今日的皇宫,银装素裹,张灯结彩。
冬至大朝会,对整个皇宫、乃至整个大夏朝来说,都是举足轻重的庆典,素有“冬至大如年”之称。节日从前一晚深夜开始,皇帝将率宗亲外戚登坛观星祭天,清晨在太极殿接受朝贺,办理宴飨,藩属使节均参与,仪仗恢弘,规模宏大。
而在繁华盛景下,人心各异,暗流涌动。
有人满满期待,欲借庆典讨得皇帝欢心,谋得些许赏赐;意图在众人面前崭露头角,彰显自身才学。更有人,暗藏祸心,伺机而动。
太子殿,内室中有两人举杯而谈。
“太子,今日后,咱们可就再也见不到九弟那副狼狈模样了,你没和他好好道个别?”四皇子凌兆武听得外面热闹的演练礼仪声音,粗声粗气地冲着凌瑾瑜咧嘴一笑,语气里满是幸灾乐祸。
他身形魁梧,眉眼间带着几分霸道与憨直。
凌瑾瑜微微一笑:“四弟,九弟行事乖张,不得不惩罚。身为兄长,未能教好弟弟,我很是惭愧啊,还是不提也罢。”
凌兆武端起茶杯猛灌一口,“太子你向来敦厚仁慈,你认他做弟弟,他未必就认你这个兄长。”话音稍顿,他话锋一转,语气带着几分质疑:“再说了,映雪前几日去冷宫救下他这事,不知道是否是太子的授意?”
听见奚映雪的名字,凌瑾瑜眼中不悦一闪而过。
他指尖轻轻摩挲着茶杯边缘,语气依旧淡然:“映雪心地纯善,又刚得了御赐之物,看他可怜,一时被他花言巧语哄骗了也不奇怪。”
“呵呵,映雪妹妹一介女流,行事骄纵却也无伤大雅,我自然不会计较,”凌兆武低笑道,眼神里藏着几分觊觎,“太子可得看好她,若是实在棘手,我便帮你多照看几分,省得她一时糊涂坏了大事。
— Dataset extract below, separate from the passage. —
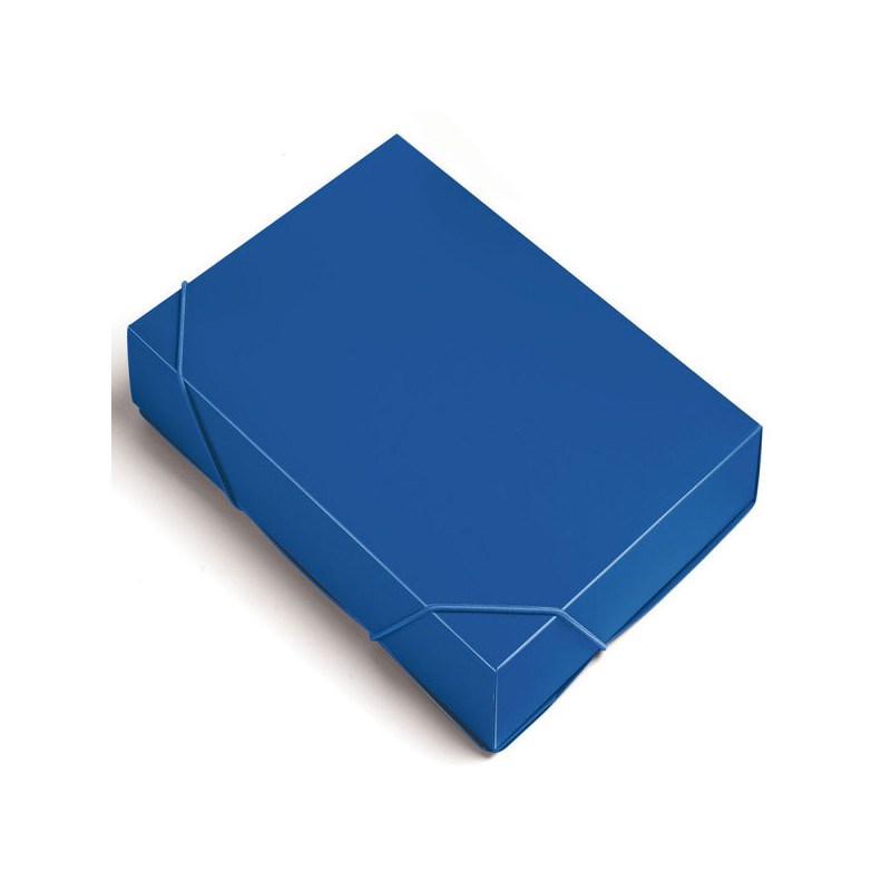 Выполнен из пластика синего цвета. Фиксируется в закрытом виде с помощью резинок по бокам. Ширина корешка 40 мм позволяет вмещать до 350 листов стандартной плотности. Поставка в разобранном виде облегчает транспортировку и хранение короба до его использования.

”
凌瑾瑜面色依旧温和,手指却悄然捏紧了茶杯杯沿。
奚映雪也是他能肖想的?
凌兆武这等莽撞蠢物,不过是借母家势力掌管禁卫,可是太过愚蠢!只配当个棋子,又怎么值得他当成对手?
“这是自然,今日观星祭祀一过,基本也就尘埃落定了。”凌瑾瑜突然话锋一转,“也希望四弟尽快觅得良人,莫要再对映雪过分关心,惹人非议。”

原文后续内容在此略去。